LouC wrote:
As I said...Electrickery....
Those of you with boats old enough to have the old fashioned glass fuses, they can look good, but be oxidized enough to cause intermittent problems. I had replaced my 27 year old alternator recently and was checking voltage levels, and found that I had no juice at the ignition terminal on the ignition switch. I checked continuity of the ignition fuse with the meter, tested good, but still no juice. Popped a new fuse in and it worked fine. Moral of the story is, continuity tests do not verify that voltage can pass through a connection.....

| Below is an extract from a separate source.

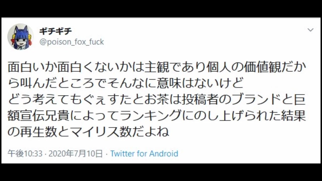 | 番号 | 総合順位 | ポイント | ジャンル順位 | カテゴリ | 再生順位 | 再生数 | コメント順位 | コメント数 | マイリスト順位 | マイリスト数 | いいね順位 | いいね数 |

When I climbed out from under the dashboard, and looked at the fuse in the light, you could see oxidation on the outside, but also on the inside as well....
Time to replace all the old fuses.....
Thinking back I had the same issue with my VHF radio last summer....
Even for those of you with newer boats, I think Volvo continued to use the OMC style 50 amp glass fuses in the engine and tilt n trim harnesses on the rear of the engine, there was also a 20 amp glass fuse in there as well. Might be a good idea to take stock of what fuses your boat uses and keep spares on hand.
That is a very good point, but "continuity tests do not verify that voltage can pass through a connection....." is not voltage , but amps. So you might have 12v at the other end by using a meter and what it is powering still is not working. As Lou is pointing out. That wire could have so much rust in it that not eough current/amps can pass though it.